Honor killings may seem like a strictly Middle Eastern phenomenon, but immigrants from the Middle East to the West have brought this practice with them. In Canada, Mohammed Pervez killed his 16 year old daughter Aqsa when she refused to wear a hijab. In the United States, an Egyptian taxi driver living in Texas murdered his two daughters for dating non-Muslim boys; Yaser Abdel Said shot his two daughters and left them to die in his taxi. Plus, Britain has seen an increasing number of honor-related killings in recent years, Mirza on IslamWatch.org reported.
Some honor killings are being publicized in the modern world through the Internet, themuslimwoman.org wrote. Du’a Khalil Aswad, 17, was part of the ancient, non-Muslim Yazidi tribe of Kurdistan in northern Iraq. Allegedly, she was planning to elope with a Muslim man. Aswad’s male relatives stoned her to death while a mob of 2,000 watched. Police officials looked on as people filmed the nearly hour-long process with their camera phones.
The video exploded on to the Internet on both women’s rights and fundamentalist Web sites. Both outrage and fanatical support followed. The new millennium’s mix of extremist politics and wide availability of technology means that private conflicts are broadcasted to a global audience.
Why has the radicalization of the Middle East occurred and why has it led to the oppression of women?
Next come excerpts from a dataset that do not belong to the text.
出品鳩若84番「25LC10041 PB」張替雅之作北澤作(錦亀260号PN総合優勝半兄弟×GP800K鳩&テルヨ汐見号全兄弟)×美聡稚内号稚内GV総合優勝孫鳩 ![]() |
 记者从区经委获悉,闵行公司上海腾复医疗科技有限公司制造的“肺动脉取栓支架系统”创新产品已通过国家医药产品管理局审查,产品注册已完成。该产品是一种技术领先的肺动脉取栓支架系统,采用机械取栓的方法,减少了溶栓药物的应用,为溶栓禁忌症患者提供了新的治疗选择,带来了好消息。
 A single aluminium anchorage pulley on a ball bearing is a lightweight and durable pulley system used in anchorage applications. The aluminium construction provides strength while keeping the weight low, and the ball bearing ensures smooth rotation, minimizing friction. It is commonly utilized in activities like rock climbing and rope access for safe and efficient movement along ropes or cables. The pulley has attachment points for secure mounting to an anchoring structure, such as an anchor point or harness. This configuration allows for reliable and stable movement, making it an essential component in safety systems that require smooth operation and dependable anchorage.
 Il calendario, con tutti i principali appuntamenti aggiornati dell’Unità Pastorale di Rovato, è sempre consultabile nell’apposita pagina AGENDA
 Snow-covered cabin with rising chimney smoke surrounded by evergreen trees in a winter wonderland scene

Mahmoud said that the major reason is the degeneration of these countries through perpetual conflict. Countries ravaged by war and social evils cannot maintain a government free of corruption. The people who stay in power are those who aren’t afraid to use violence: fundamentalists and fanatics.
By using the politics of fear, these people can control the general population. The public cling to the abusive practices forced upon them because they fear the powerful and they fear change. Adopting the current popular code allows them to feel secure.
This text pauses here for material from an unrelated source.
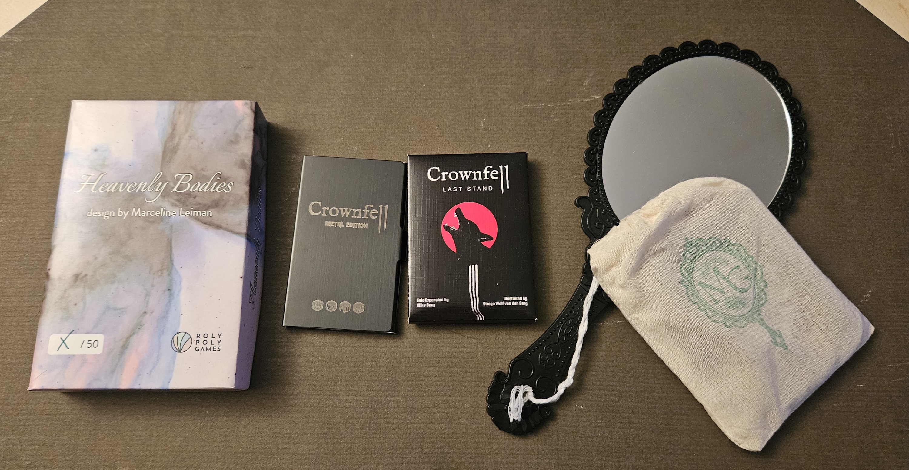 Complimentary copies of Heavenly Bodies, Medusa’s Garden, and Crownfell were provided by their respective designers.

Women are the targets because men can physically dominate and overpower them. Therefore, the fundamentalists can set any rules they want for women, such as no driving, going out alone, or talking to strange men. On IslamWatch.org, Mirza argued that they justify these actions by pointing to specific stories in the Quran and the Hadiths, which are the rough equivalents of the Christian Old and New Testaments.
Helping to stop these atrocities is difficult as honor crimes are often dealt with as family matters. Also, changing the mindset of an entire population will take a lot of time. However, there are some things you can do to help. First, find and support organizations that promote women’s education in the Middle East. Research and anecdotal evidence shows that educating women helps them to avoid these situations, and many Middle Eastern women are denied education and schooling.
Other organizations to support are the Iranian and Kurdish Women’s Rights Organization (ikwro.co.uk) and Stop-Stoning.org. You can also check out reformislam.org/honorcide to learn more about the “Stop Honorcide” campaign. This campaign is trying to add honor killings to hate crime legislation in the United States. Ultimately, the best thing you can do is educate yourself and those around you. Ignorance is the weapon of oppressors; don’t help fuel these atrocities.